I am trying to get a weighted average from a dt, but neither apply nor agg seems to work, and my code returns the following error 'numpy.float64' object is not callable
I have the following df
df = pd.DataFrame([['RETIRO', 65, 1, 10.7],
['SAN NICOLAS',116, 1, 23.2],
['RETIRO', 101, 2, 28.7],
['FLORES', 136 , 2, 23.5]],
columns=['BARRIO', 'HOGARES', 'COMUNA', 'NSE'])
I define the function
def avg_w(dt):
return np.average(a = dt.NSE, weights = dt.HOGARES)
and now apply it to my df,
df.loc[:,['COMUNA','NSE','HOGARES']].groupby(['COMUNA']).apply(avg_w(df))
and it returns 'numpy.float64' object is not callable
I tried also something similar to the suggestions found in here and here
I changed the function,
def avg_w2(dt):
return pd.Series({'avg_w2': np.average(a = dt.NSE, weights = dt.HOGARES)})
and the apply
df.loc[:,['COMUNA','NSE','HOGARES']].groupby(['COMUNA']).apply({'avgw': [avg_w2(dt)]})
But it didn't work either.
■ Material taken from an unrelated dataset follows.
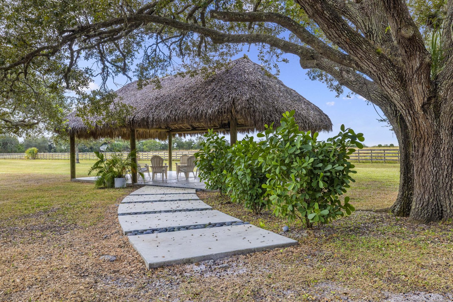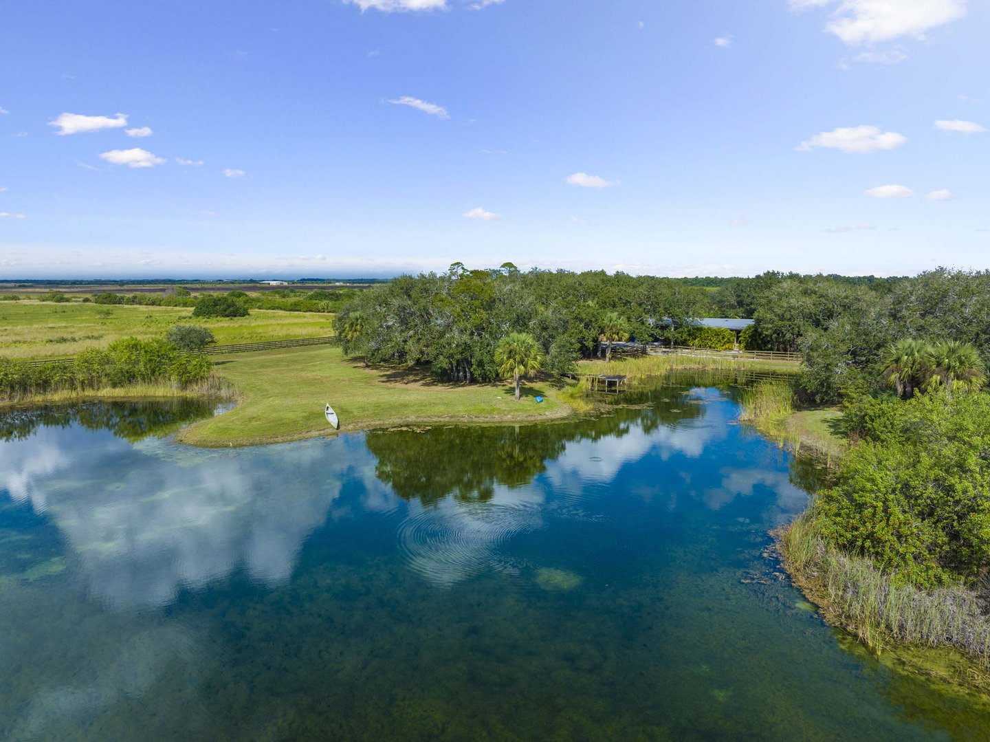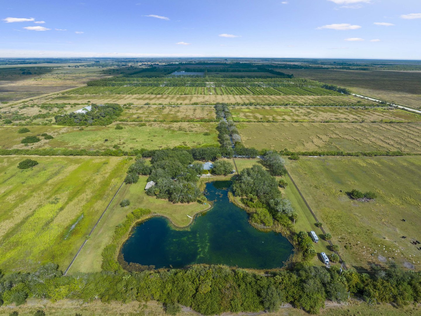 Ein Zufluchtsort unvergleichlicher Ruhe erwartet diese bemerkenswerte 133 Hektar große Ranch und stellt ein seltenes Angebot in der angesehenen Landschaft von Vero Beach dar. Dieses malerische landwirtschaftliche Anwesen bietet den ultimativen Rückzugsort für Viehzüchter, Reiter und anspruchsvolle Outdoor-Enthusiasten, die Privatsphäre und Vielseitigkeit suchen. Das sorgfältig gepflegte Wohnhaus mit 1.842 Quadratfuß verfügt über drei Schlafzimmer, zwei Badezimmer und durchdachte Modernisierungen, ergänzt durch ein privates Gästestudio. Weitläufige überdachte Veranden rahmen einen ruhigen Seeblick über den zwei Hektar großen privaten See mit Steg ein. Das Grundstück präsentiert eine außergewöhnliche Infrastruktur, darunter ein stattliches 7.000 Quadratfuß großes Metallgebäude mit separatem Eingang, umfangreichen Zäunen und Querzäunen, Kuhställe und mehrere Brunnen. Eine etablierte, von Eichen verkleidete gepflasterte Einfahrt und eine authentische 32x22 Fuß große Chickee-Hütte vervollständigen dieses außergewöhnliche Gebäude. Nur wenige Minuten von erstklassigen Reitanlagen und Poloplätzen entfernt, bieten dennoch absolute Abgeschiedenheit und ein friedliches Leben auf dem Land. Details zur Immobilie und von Gelegenheiten bereitgestellt vom Verkäufer oder anderen; Käufer muss überprüfen.

The code returns TypeError: unhashable type: 'dict'
The function works alone but something is not working when I passed it to apply (or aggregate, I tried with both of them)
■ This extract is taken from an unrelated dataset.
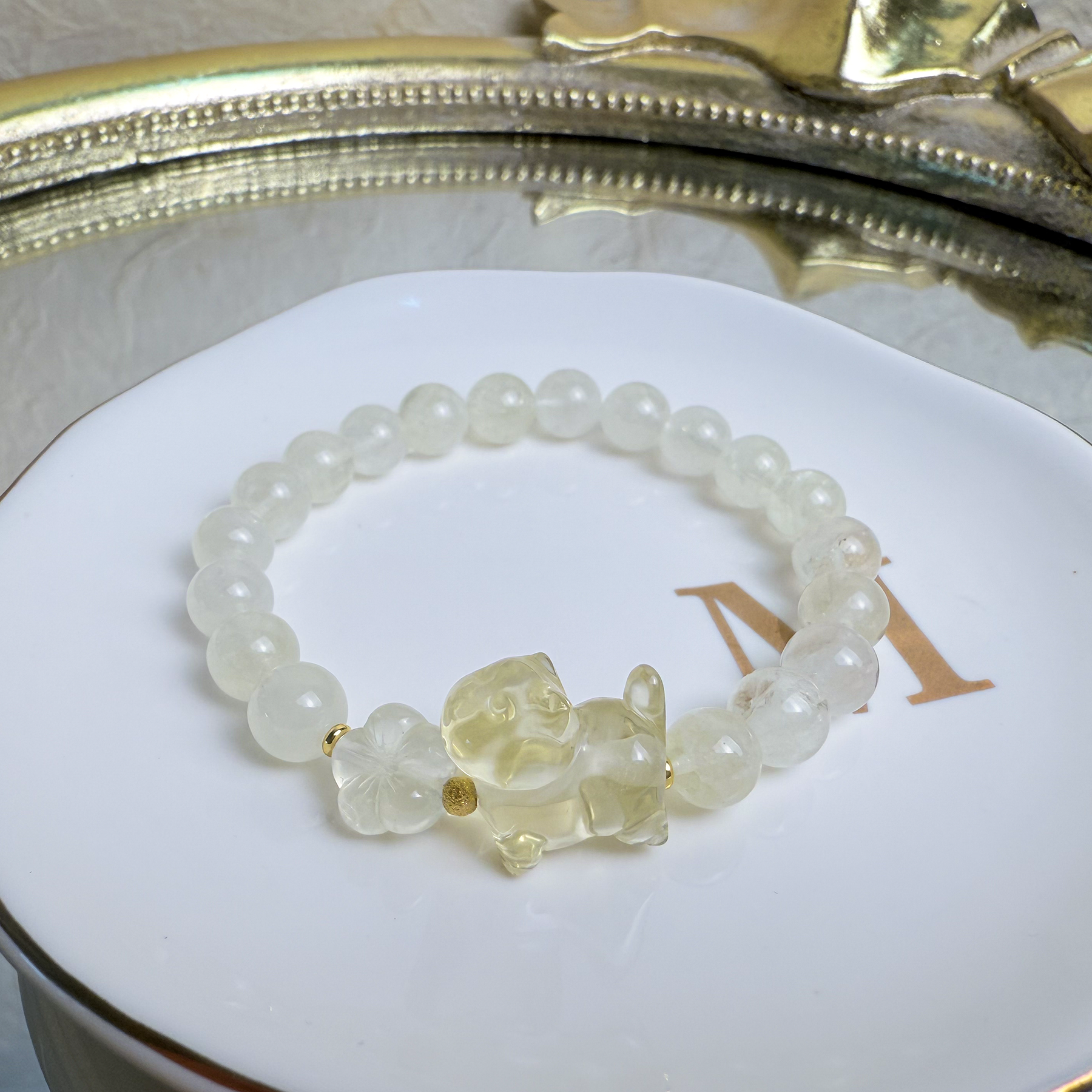 Carved agate walking kitty charm, flower charm & lemon quartz (~8mm)

I am expecting to obtain for each COMUNA the NSE average weighted by HOGARES.
Seems like what you want is the following:
df = df.iloc[:, 1:].groupby(by="COMUNA").apply(
lambda grp : np.average(a=grp['NSE'], weights=grp["HOGARES"])
)
Which results in the following dataframe:
COMUNA
1 18.711050
2 25.716034
Note: you may use a function instead of the lambda expression to apply it to each group, but you need to pass the function name itself i.e df.apply(avg_w2)
NOT df.apply(avg_w2(df))